Artist

Christopher Monks

Genre: Classical ,Choral ,Opera ,Vocal Music ,Orchestral
Origin: U.S.A
Active: 1995 - Present
Listen on Coda
Born in 1974, Christopher Monks grew up in Solihull, England, where an early affinity for music prompted him to enter the local church choir as a chorister at age eight. A scholarship to Solihull School followed, allowing him to pursue organ studies while simultaneously taking up conducting. He later attended Cambridge University as organ scholar at Gonville and Caius College before securing the post of assistant organist at Winchester Cathedral under David Hill. The two-year tenure there, shaped by Hill’s guidance, crystallized Monks’s vocation for choral direction.

In 2001 he founded the Armonico Consort, a sixteen-voice ensemble devoted to Renaissance and Baroque repertoire. Recognizing the scarcity of substantive music education in state schools, Monks embedded outreach initiatives within the group’s mission; during its second season these efforts coalesced into the Armonico Consort Academy, which now delivers annual choral instruction to roughly fifteen thousand children across Britain’s most disadvantaged areas. Monks himself continues to lead large-scale Academy concerts frequently uniting more than twelve hundred young singers.

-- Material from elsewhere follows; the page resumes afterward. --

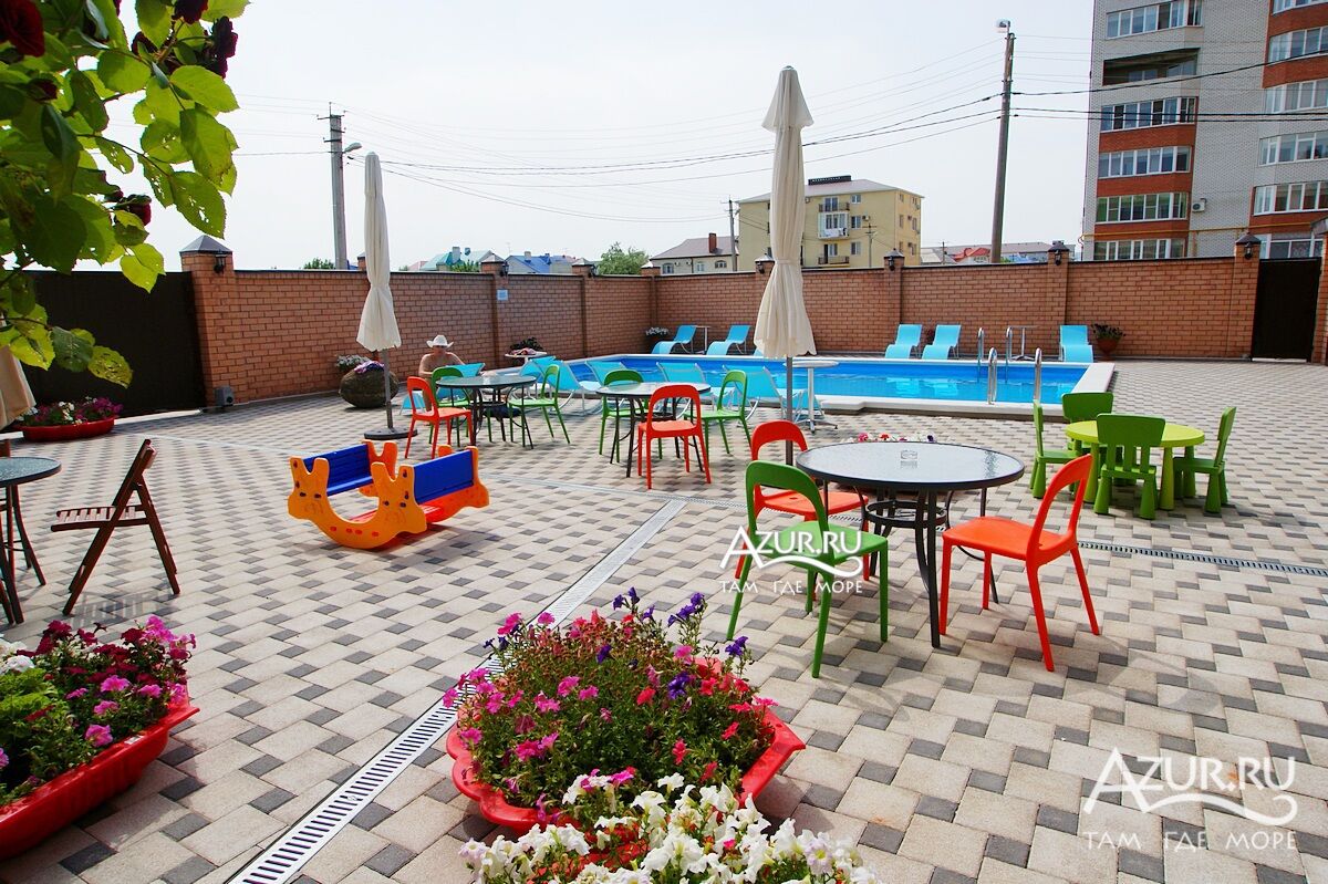 Территория: на благоустроенной территории отеля имеются бассейн с шезлонгами, зоны отдыха с беседками, детская игровая площадка, столовая, места для парковки автомобилей, работает комната релаксации, жемчужные ванны, фитнес-центр, сауна, салон-парикмахерская.

Early recordings document the ensemble’s trajectory: Francesco Scarlatti’s Dixit Dominus appeared in 2004 alongside a series of concerts featuring percussionist Evelyn Glennie, followed by Tomás Luis de Victoria’s Requiem in 2005 and Henry Purcell’s The Fairy Queen in 2006. The subsequent release of Mozart’s The Magic Flute in 2007 presented a contemporary reinterpretation that drew critical praise. Throughout the 2010s Monks maintained a schedule of approximately forty performances per year while issuing further acclaimed albums, and he has also directed the Royal Philharmonic Orchestra, the Philharmonia Orchestra, and the European Union Chamber Orchestra.

Handelian Pyrotechnics, issued in 2021, paired the Consort with countertenor William Towers, and in 2023 Monks conducted the Consort in Francesco Scarlatti’s Dixit Dominus; Mass, a reading reviewers characterized as vigorous, fresh, and inventive.